Pictures stay out of the copy. Everything else in the records must be repeated exactly.

┏━━

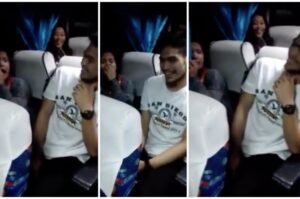 Sus compañeros la grabaron justo en el momento en el que el joven se sienta a su lado y tampoco sabe que hacer, la chica enamorada comienza a gritar y se tapa la cara con la cortina del autobús, ante tal euforia el chico solo se empezó a reír.
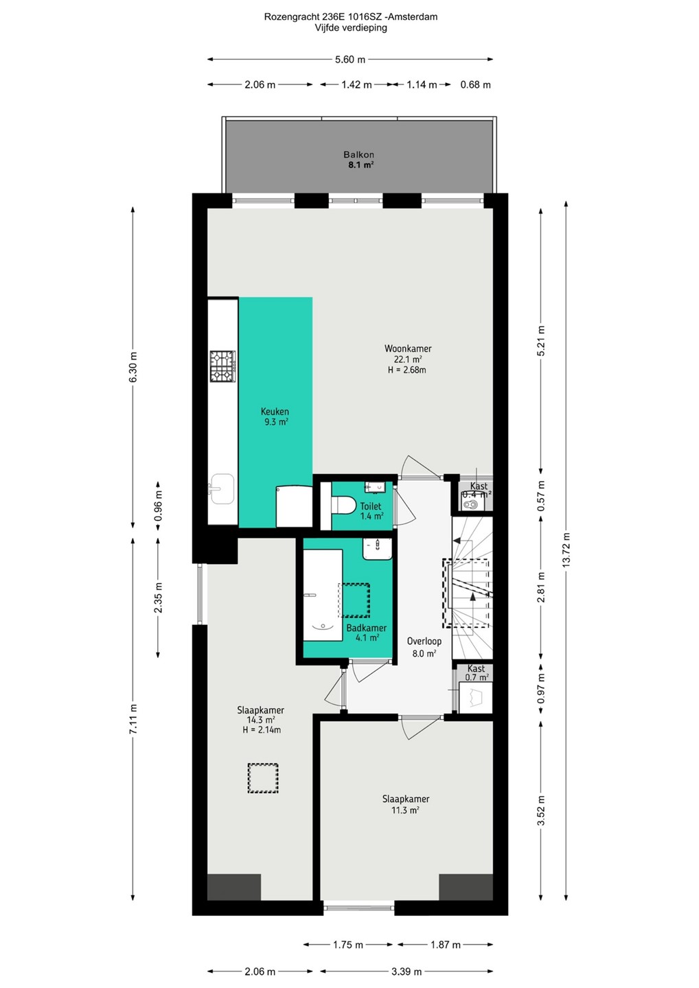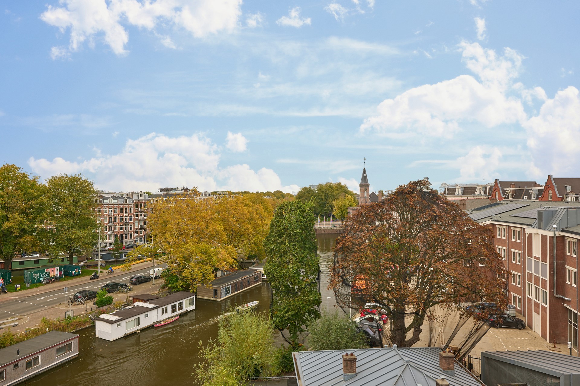 Het appartement heeft hoge plafonds en geniet veel daglicht door de grote raampartijen en dakramen, omringd aan drie zijden met uitzicht over de Singelgracht.
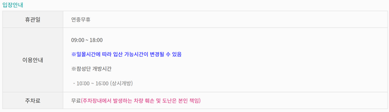 3. 입장료는 어린이, 청소년, 어른으로 나뉘며 개인과 단체에 따라 요금이 달라집니다. 또한 6세 이하 어린이나 65세 이상 어르신, 국가유공자 등은 무료로 입장할 수 있어 가족 단위 방문객에게도 부담이 적은 편입니다. 군민과 군장병 역시 혜택이 따로 마련돼 있습니다.
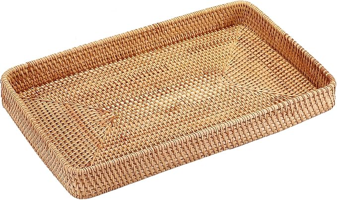 Hipiwe Rattan Serving Tray Large Wicker Storage Basket Tray for Organizing Rectangular Decorative Woven Trays Snacks Fruit Wicker Basket for Coffee Table Bathroom Home Decor,14.8"x 9.0"x1.8"
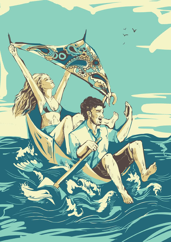 Вообще то они плывут на зонтике, и к его ручке привязана косынка — парус, края которой и держит девушка, отличная идея))) и исполнение, спасибо...

┗━━

● **Exercise result**:
 Sus compañeros la grabaron justo en el momento en el que el joven se sienta a su lado y tampoco sabe que hacer, la chica enamorada comienza a gritar y se tapa la cara con la cortina del autobús, ante tal euforia el chico solo se empezó a reír.
 Het appartement heeft hoge plafonds en geniet veel daglicht door de grote raampartijen en dakramen, omringd aan drie zijden met uitzicht over de Singelgracht.
 3. 입장료는 어린이, 청소년, 어른으로 나뉘며 개인과 단체에 따라 요금이 달라집니다. 또한 6세 이하 어린이나 65세 이상 어르신, 국가유공자 등은 무료로 입장할 수 있어 가족 단위 방문객에게도 부담이 적은 편입니다. 군민과 군장병 역시 혜택이 따로 마련돼 있습니다.
 Hipiwe Rattan Serving Tray Large Wicker Storage Basket Tray for Organizing Rectangular Decorative Woven Trays Snacks Fruit Wicker Basket for Coffee Table Bathroom Home Decor,14.8"x 9.0"x1.8"
 Вообще то они плывут на зонтике, и к его ручке привязана косынка — парус, края которой и держит девушка, отличная идея))) и исполнение, спасибо...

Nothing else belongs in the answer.